WHAT TO WORK ON:
Working from the data below, write out exactly the lines from its first through the line that contains "Selon vos besoins, le", both ends included and pictures omitted.

RAW DATA:
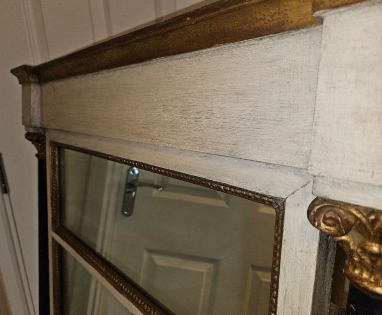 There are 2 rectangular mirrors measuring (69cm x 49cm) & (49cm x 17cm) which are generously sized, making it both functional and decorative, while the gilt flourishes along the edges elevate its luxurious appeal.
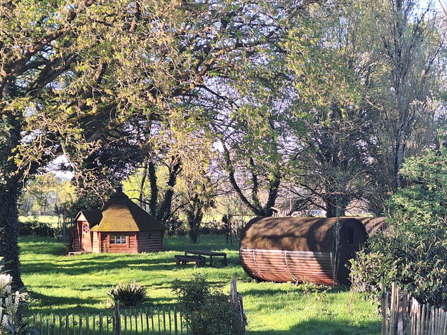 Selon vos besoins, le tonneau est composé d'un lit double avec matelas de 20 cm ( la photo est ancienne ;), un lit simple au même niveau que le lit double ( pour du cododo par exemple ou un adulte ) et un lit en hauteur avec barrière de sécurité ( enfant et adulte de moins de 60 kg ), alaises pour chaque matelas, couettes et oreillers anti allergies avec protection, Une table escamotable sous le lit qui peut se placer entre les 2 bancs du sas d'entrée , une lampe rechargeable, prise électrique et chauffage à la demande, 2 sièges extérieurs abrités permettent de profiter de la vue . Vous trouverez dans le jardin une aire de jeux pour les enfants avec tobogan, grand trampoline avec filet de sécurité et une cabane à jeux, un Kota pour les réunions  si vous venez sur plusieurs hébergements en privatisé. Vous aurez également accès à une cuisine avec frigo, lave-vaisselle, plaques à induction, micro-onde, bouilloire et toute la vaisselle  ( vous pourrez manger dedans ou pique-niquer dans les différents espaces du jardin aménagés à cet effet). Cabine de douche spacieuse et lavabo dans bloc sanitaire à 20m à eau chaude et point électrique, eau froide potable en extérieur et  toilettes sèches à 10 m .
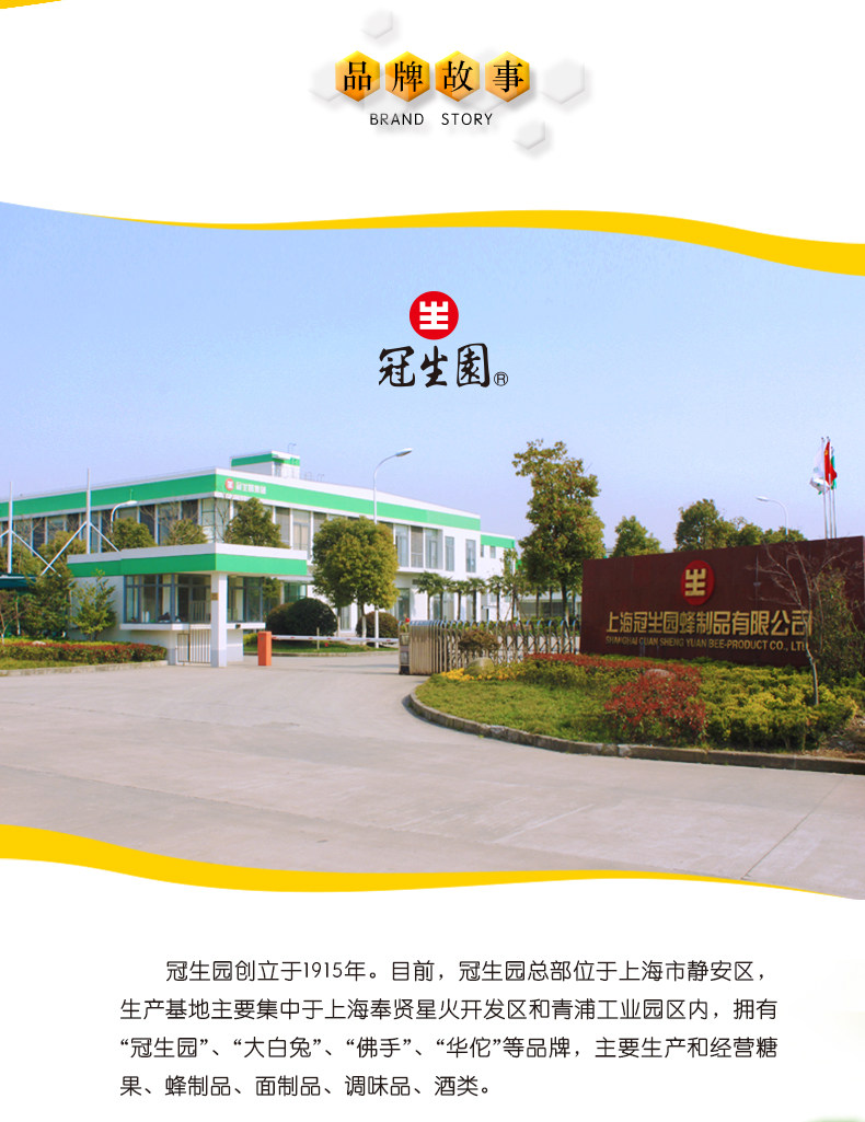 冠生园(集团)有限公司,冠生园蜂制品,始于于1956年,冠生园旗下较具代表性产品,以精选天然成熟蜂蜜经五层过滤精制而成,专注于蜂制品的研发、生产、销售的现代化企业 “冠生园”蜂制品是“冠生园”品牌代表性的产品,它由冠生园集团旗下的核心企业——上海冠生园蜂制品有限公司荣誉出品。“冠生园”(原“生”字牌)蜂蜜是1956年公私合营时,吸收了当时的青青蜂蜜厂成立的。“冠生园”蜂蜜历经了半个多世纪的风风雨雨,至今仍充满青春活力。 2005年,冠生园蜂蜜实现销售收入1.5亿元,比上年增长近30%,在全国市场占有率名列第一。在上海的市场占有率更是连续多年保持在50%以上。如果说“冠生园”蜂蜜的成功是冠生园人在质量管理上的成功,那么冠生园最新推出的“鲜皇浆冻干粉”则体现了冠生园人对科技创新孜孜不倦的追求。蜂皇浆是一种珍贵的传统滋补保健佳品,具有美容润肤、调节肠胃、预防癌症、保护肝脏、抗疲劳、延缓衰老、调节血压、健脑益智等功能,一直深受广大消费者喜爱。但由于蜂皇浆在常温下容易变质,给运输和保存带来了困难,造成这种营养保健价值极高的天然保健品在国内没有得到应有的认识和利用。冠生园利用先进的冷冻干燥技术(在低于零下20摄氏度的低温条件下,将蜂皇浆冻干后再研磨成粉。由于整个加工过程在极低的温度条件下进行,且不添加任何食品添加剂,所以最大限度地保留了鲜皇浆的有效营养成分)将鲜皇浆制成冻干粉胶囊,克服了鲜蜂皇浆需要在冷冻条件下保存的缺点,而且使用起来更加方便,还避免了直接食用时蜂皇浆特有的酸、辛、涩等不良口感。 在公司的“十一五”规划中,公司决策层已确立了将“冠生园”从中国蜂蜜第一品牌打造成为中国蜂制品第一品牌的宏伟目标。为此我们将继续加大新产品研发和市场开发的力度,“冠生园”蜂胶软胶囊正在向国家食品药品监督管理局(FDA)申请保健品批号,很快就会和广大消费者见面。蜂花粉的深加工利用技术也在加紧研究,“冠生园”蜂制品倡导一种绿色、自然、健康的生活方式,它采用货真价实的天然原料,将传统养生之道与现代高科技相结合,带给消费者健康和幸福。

ANSWER BELOW:
 There are 2 rectangular mirrors measuring (69cm x 49cm) & (49cm x 17cm) which are generously sized, making it both functional and decorative, while the gilt flourishes along the edges elevate its luxurious appeal.
 Selon vos besoins, le tonneau est composé d'un lit double avec matelas de 20 cm ( la photo est ancienne ;), un lit simple au même niveau que le lit double ( pour du cododo par exemple ou un adulte ) et un lit en hauteur avec barrière de sécurité ( enfant et adulte de moins de 60 kg ), alaises pour chaque matelas, couettes et oreillers anti allergies avec protection, Une table escamotable sous le lit qui peut se placer entre les 2 bancs du sas d'entrée , une lampe rechargeable, prise électrique et chauffage à la demande, 2 sièges extérieurs abrités permettent de profiter de la vue . Vous trouverez dans le jardin une aire de jeux pour les enfants avec tobogan, grand trampoline avec filet de sécurité et une cabane à jeux, un Kota pour les réunions  si vous venez sur plusieurs hébergements en privatisé. Vous aurez également accès à une cuisine avec frigo, lave-vaisselle, plaques à induction, micro-onde, bouilloire et toute la vaisselle  ( vous pourrez manger dedans ou pique-niquer dans les différents espaces du jardin aménagés à cet effet). Cabine de douche spacieuse et lavabo dans bloc sanitaire à 20m à eau chaude et point électrique, eau froide potable en extérieur et  toilettes sèches à 10 m .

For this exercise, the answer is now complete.